(Items from a data source)
◇ ◇ ◇ ◇ ◇
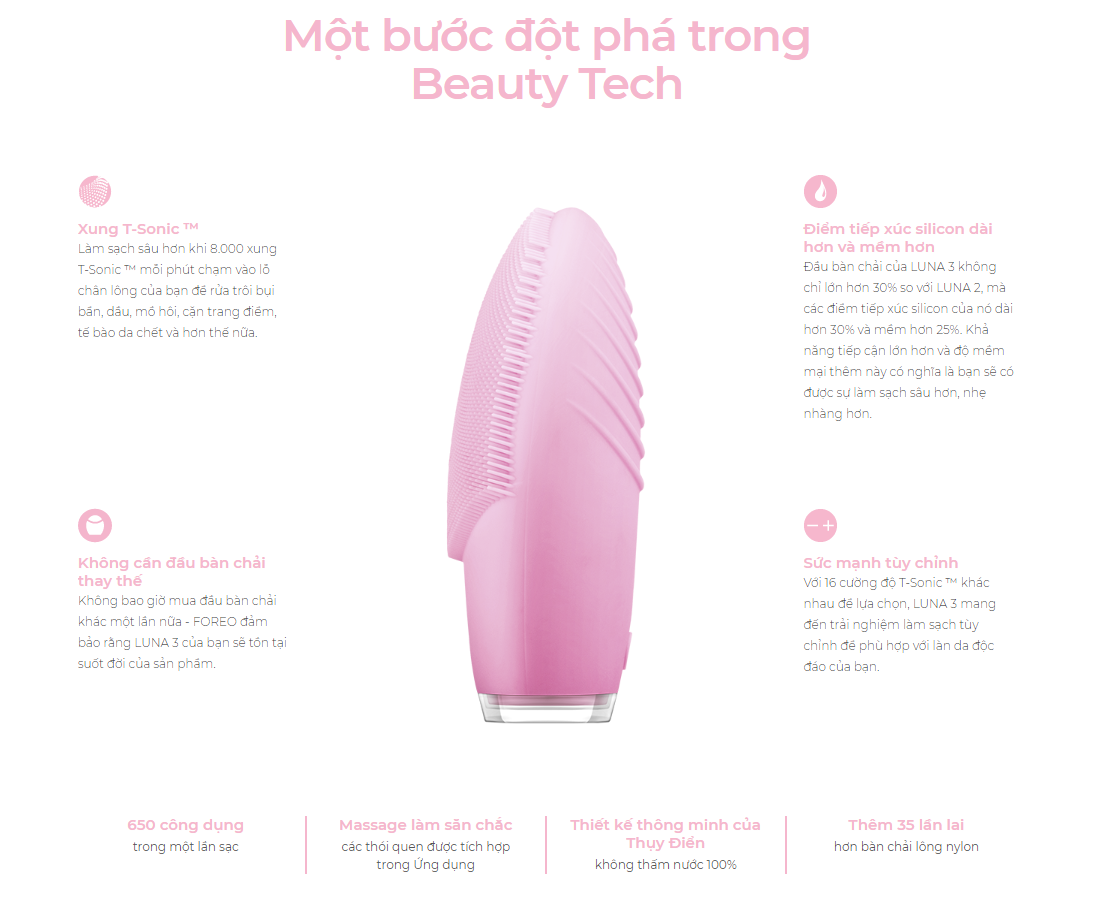 Foreo Luna 3 có thiết kế nhỏ gọn, vừa vặn trong lòng bàn tay, giúp bạn dễ dàng sử dụng hàng ngày. Sản phẩm được làm từ silicone y tế cao cấp, mềm mại và an toàn cho mọi loại da, kể cả da nhạy cảm. Điểm đặc biệt của Luna 3 là công nghệ T-Sonic™ độc quyền, với hơn 8.000 xung mỗi phút, giúp loại bỏ tới 99.5% bụi bẩn, dầu thừa và tế bào chết trên da.
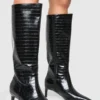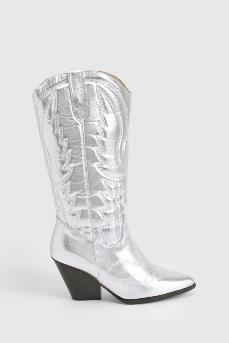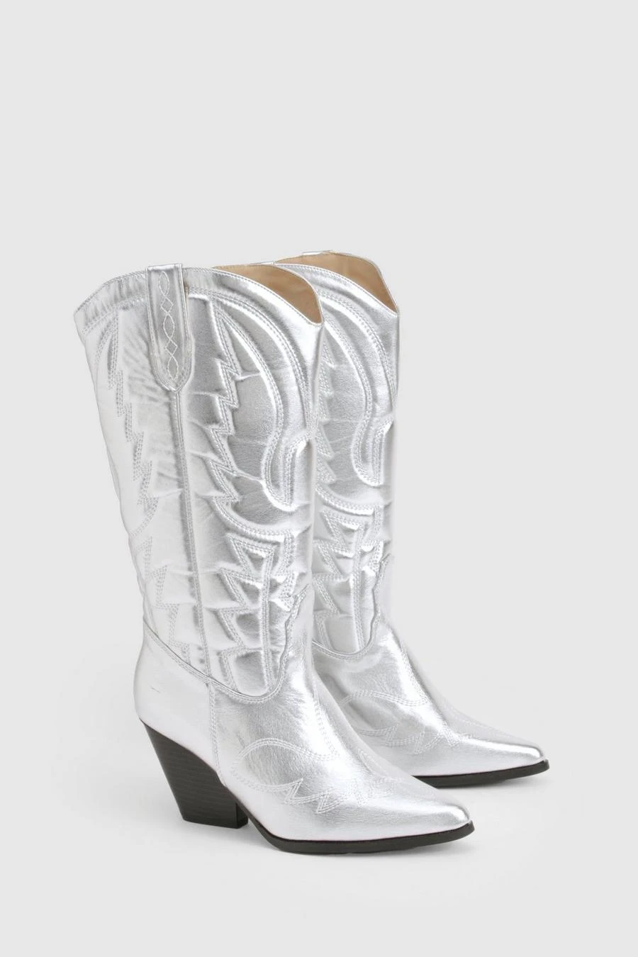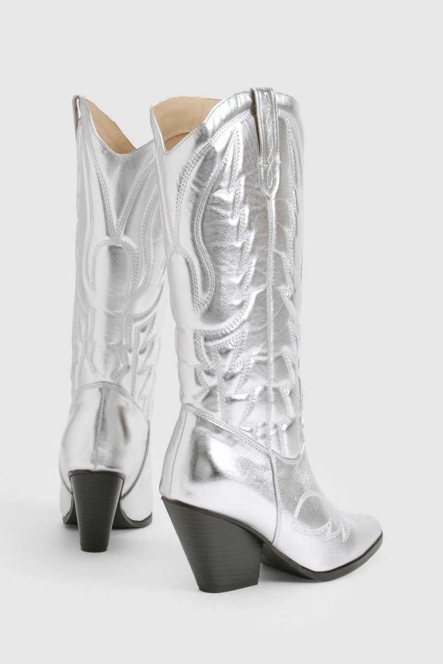 BOOHOO Wide Fit Metallic Knee High Western Cowboy Boots
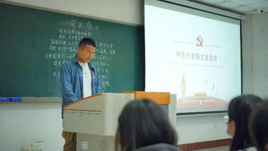学员代表、青年教师钱文良发言,感谢学院党委为大家提供学习机会,号召学员们以饱满的热情和精力投入学习,在学习和工作中不断提高自己,努力肩负起党赋予的重任。
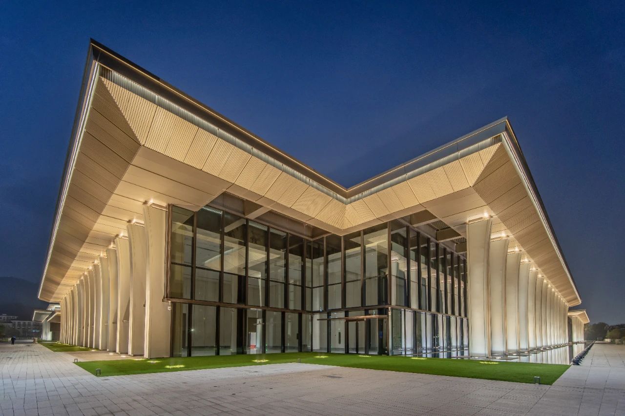 广州白云国际会议中心二期项目位于广州市白云区,地处白云山西麓,总建筑面积达13.7万平方米,由地上六层、地下一层核心区与四座裙楼组成,集高端会议、展览、宴会功能于一体,拥有国际会堂、宴会厅、会议室等34间,配备同声传译、会场隔音、EAW音响系统等国际一流标准专业系统设备,可同时容纳6000余人召开高标准会议。项目设计出自“中国馆之父”何镜堂之手,灯具采用璨华照明灯具厂家提供,取意“飞扬逐梦,云山叠景”。
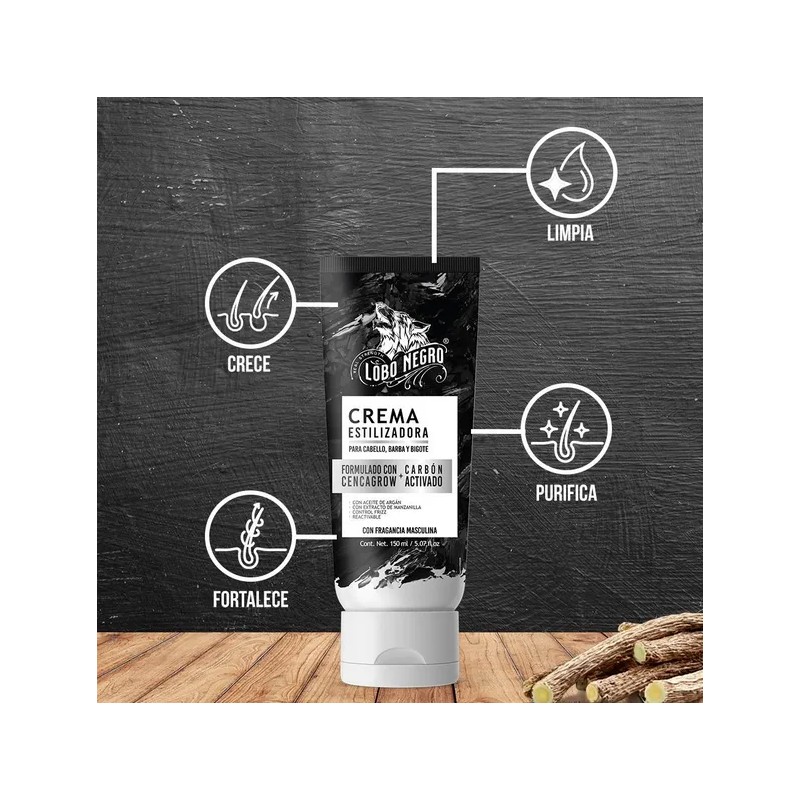 Crema Estilizadora Para Cabello Y Bigote Lobo Negro 150ml
◇ ◇ ◇ ◇ ◇
▶ **Work instruction**
Copy exactly, and copy nothing else: the lines from the start of the data above through the line that holds "学员代表、青年教师钱文良发言". The pictures stay out.

▶ **Solution for this task**
 Foreo Luna 3 có thiết kế nhỏ gọn, vừa vặn trong lòng bàn tay, giúp bạn dễ dàng sử dụng hàng ngày. Sản phẩm được làm từ silicone y tế cao cấp, mềm mại và an toàn cho mọi loại da, kể cả da nhạy cảm. Điểm đặc biệt của Luna 3 là công nghệ T-Sonic™ độc quyền, với hơn 8.000 xung mỗi phút, giúp loại bỏ tới 99.5% bụi bẩn, dầu thừa và tế bào chết trên da.
 BOOHOO Wide Fit Metallic Knee High Western Cowboy Boots
学员代表、青年教师钱文良发言,感谢学院党委为大家提供学习机会,号召学员们以饱满的热情和精力投入学习,在学习和工作中不断提高自己,努力肩负起党赋予的重任。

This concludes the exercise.